2° Les plans et combinaisons de crédit ou de finances.

On sera peut-être surpris de cette dérogation au principe du non-examen préalable, d’autant plus que, relativement aux produits pharmaceutiques, la santé publique est protégée par une législation spéciale très-sévère. (Voy. Remèdes secrets.)

Cet article n’a d’ailleurs pas été adopté sans discussion. À la Chambre des pairs notamment, où il a été introduit comme amendement, Gay-Lussac disait : « Les préparations pharmaceutiques sont des composés nets, bien définis, préparés en grand, formant un objet de commerce intérieur et d’exportation, et nous les proscririons ? La loi que le ministre a apportée dans cette enceinte, en respectant cette large et juste protection que la loi de 1791 accorde à toutes les industries, en sortirait moins grande, tout amoindrie. »

« Je réclame au nom du droit commun, dit à son tour M. le baron Charles Dupin, au nom de la liberté des citoyens, pour qu’une grande industrie, une industrie respectable et savante, ne soit pas déshéritée du privilége universel des inventeurs. »

La haine du charlatanisme, dit-on, a fait prévaloir la prohibition, malgré ces considérations et malgré la dérogation au principe fondamental de la loi qui en résulte.
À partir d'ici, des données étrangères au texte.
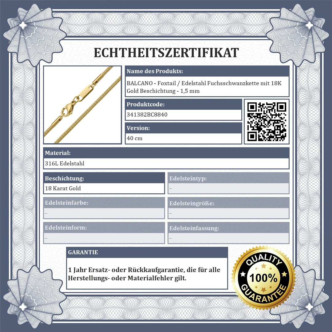 BALCANO - Foxtail / Edelstahl Fuchsschwanzkette mit 18K Gold Beschichtung - 1,5 mm
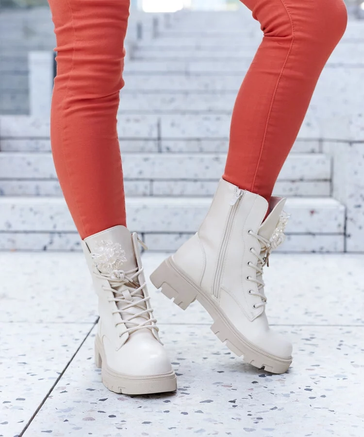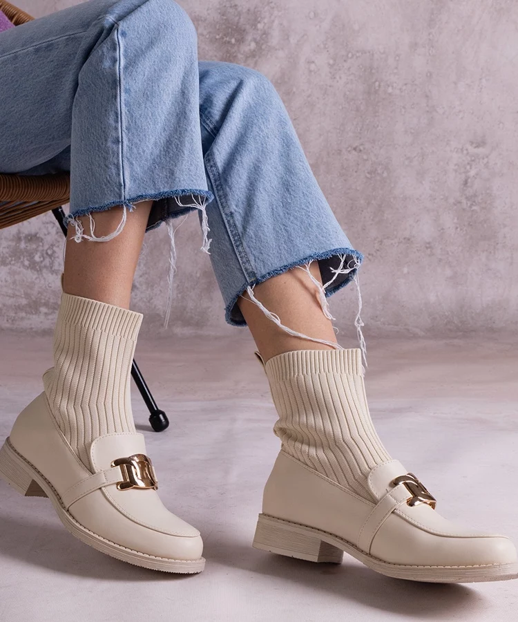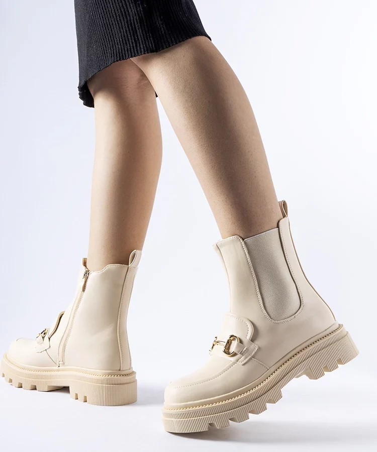 Beżowe botki z ozdobnymi łańcuchami Mezzavia

C’est peut-être regrettable ; car, d’un côté, une loi est d’autant plus facile à exécuter qu’elle a moins d’exceptions, et de l’autre, le charlatanisme étant, comme dit M. Renouard, un Protée qui sait varier ses formes et qui échappe sans grande peine à la lettre de la loi, les entraves qu’on crée contre une seule de ses innombrables formes ne produisent pas autant de bien que l’exception peut avoir d’inconvénients.

Les mêmes arguments auraient pu être invoqués en faveur d’un renvoi à l’art. 30 de la prohibition de délivrer des brevets pour des plans et combinaisons de crédit. N’a-t-on pas cru devoir renvoyer à cet article les brevets délivrés pour des inventions contraires à la sûreté de l’État ? Il s’ensuit que le même ministre qui aurait refusé un brevet pour un projet de tontine, pourrait être obligé de signer un arrêté en faveur d’une machine infernale.

Sect. 3. — Nullités et déchéances.

28. La loi de 1844 distingue avec raison entre les cas de nullité et de déchéance. Les brevets déclarés nuls sont censés n’avoir jamais existé, tandis qu’un brevet tombé en déchéance a été valable jusqu’au moment où se sont produits les faits pour raison desquels la déchéance’ a été postérieurement prononcée.

art. 1. — nullité.

29. Le principe du non-examen préalable, c’est-à-dire le système répressif, devait nécessairement être accompagné d’une pénalité contre les titres surpris en dehors de l’esprit et peut-être de la lettre de la loi. De là les cas de nullité énumérés ainsi dans l’art. 30 de la loi de 1844.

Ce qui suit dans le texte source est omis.